What is being asked
Word for word, restate the lines from the one containing "(수강생 제공용 X)" through the last line of the material, and include no pictures.
[Data section Boundary: Start]
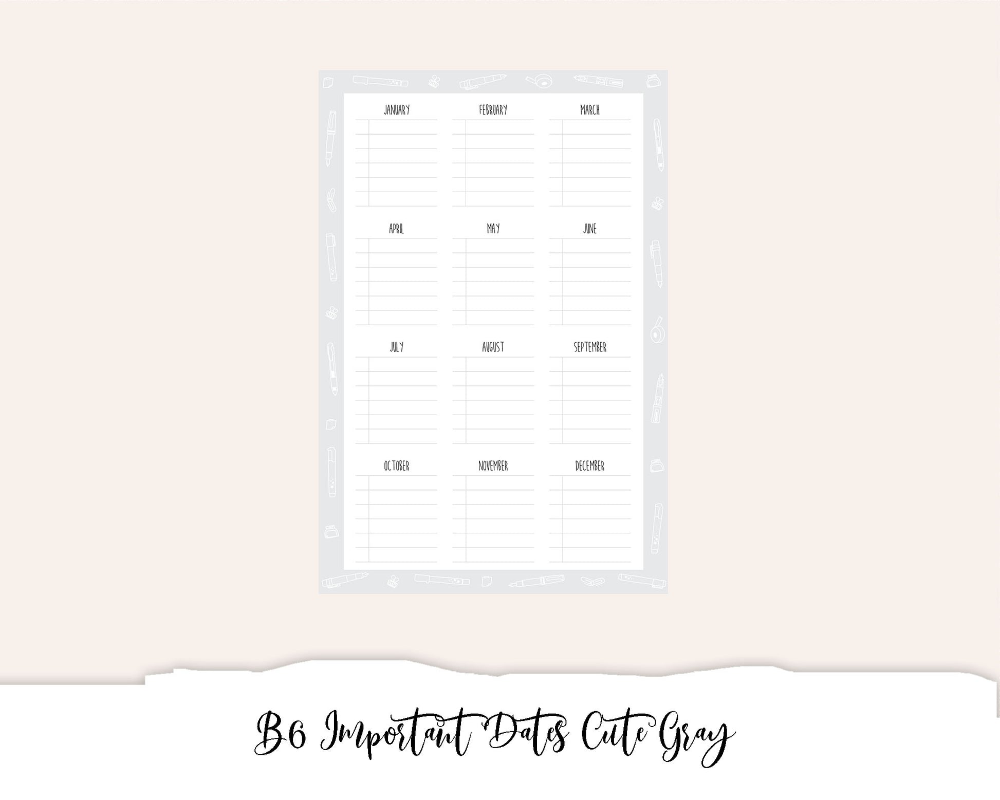 B6 Important Dates Cute Gray (Full Page Printable Stickers)
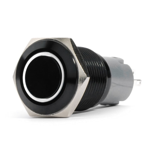 Finished in a seductive black these 19mm Race Sport Lighting flush mount switches can be used in two unique ways, Light press for momentary action, Full press latches on. They also included a led indicator light as well. Single pole double throw Push Button ON/OFF switch with LED indicator With Common, NO, NC and LED solder lug connections.
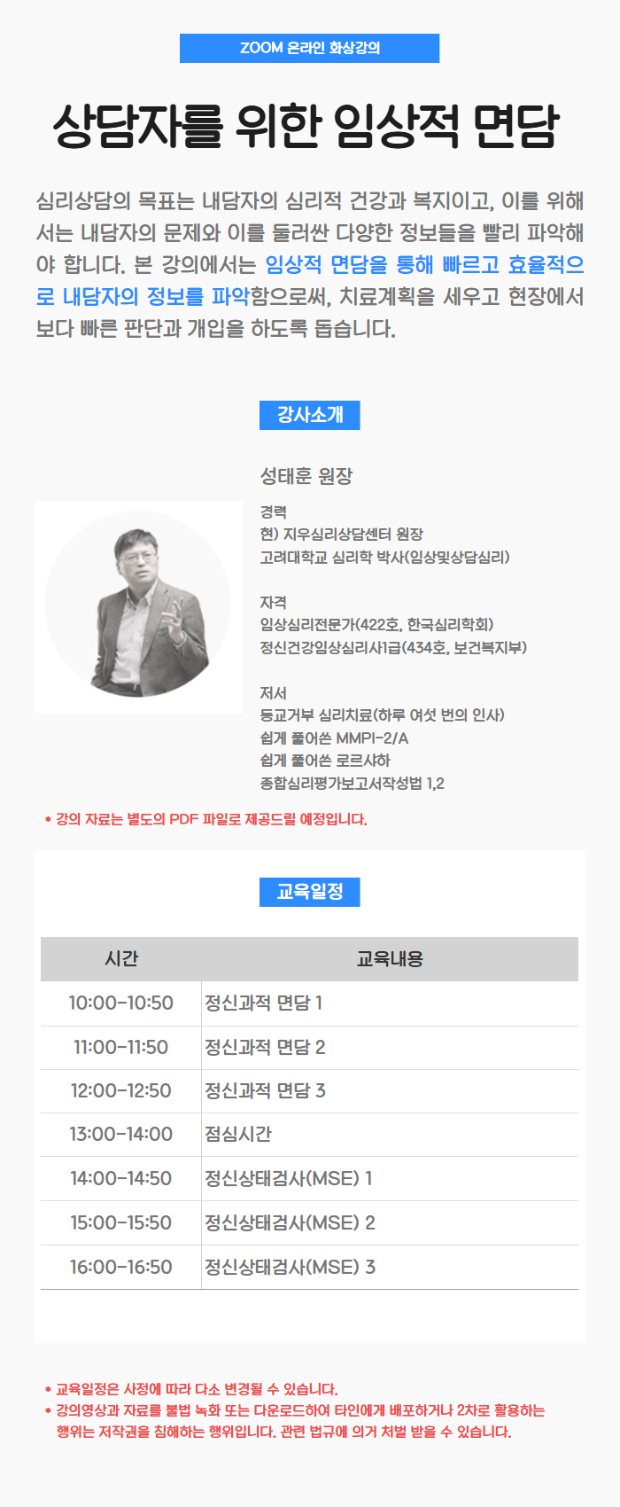 ※ Notice 해당 워크숍은 교육만족도 증진을 위한 정보 활용 목적으로 강의녹화가 진행되며, 녹화영상은 워크숍 종료 일주일 후 일괄 삭제됩니다. (수강생 제공용 X)
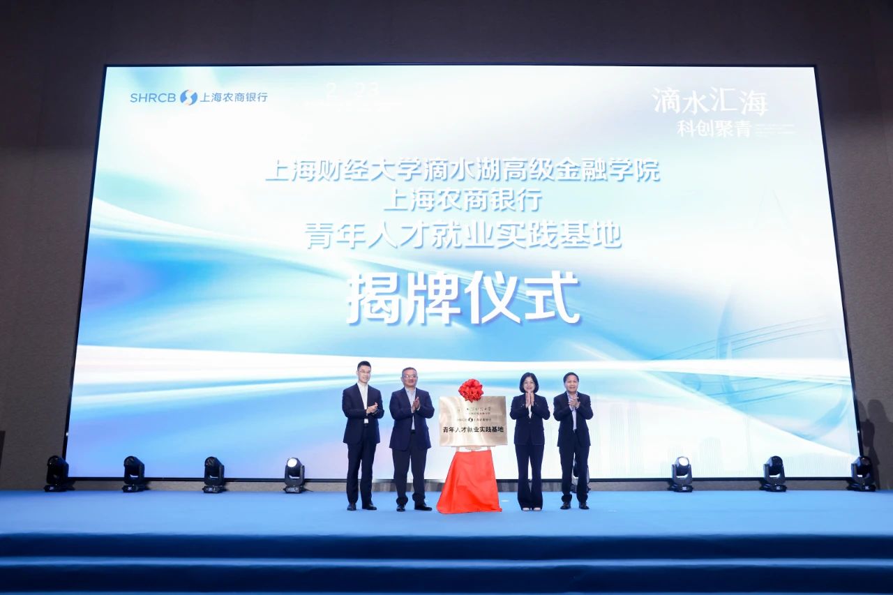 仪式现场,上海农商银行与上海财经大学共同揭牌“上海农商银行青年就业实践基地暨上海财经大学滴水湖高级金融学院”,将以助力青年人才培育为导向,以助力百姓美好生活为指引,加快建设宜业宜居的现代化滨海新城。
[Data section Boundary: End]
Response to the exercise
 ※ Notice 해당 워크숍은 교육만족도 증진을 위한 정보 활용 목적으로 강의녹화가 진행되며, 녹화영상은 워크숍 종료 일주일 후 일괄 삭제됩니다. (수강생 제공용 X)
 仪式现场,上海农商银行与上海财经大学共同揭牌“上海农商银行青年就业实践基地暨上海财经大学滴水湖高级金融学院”,将以助力青年人才培育为导向,以助力百姓美好生活为指引,加快建设宜业宜居的现代化滨海新城。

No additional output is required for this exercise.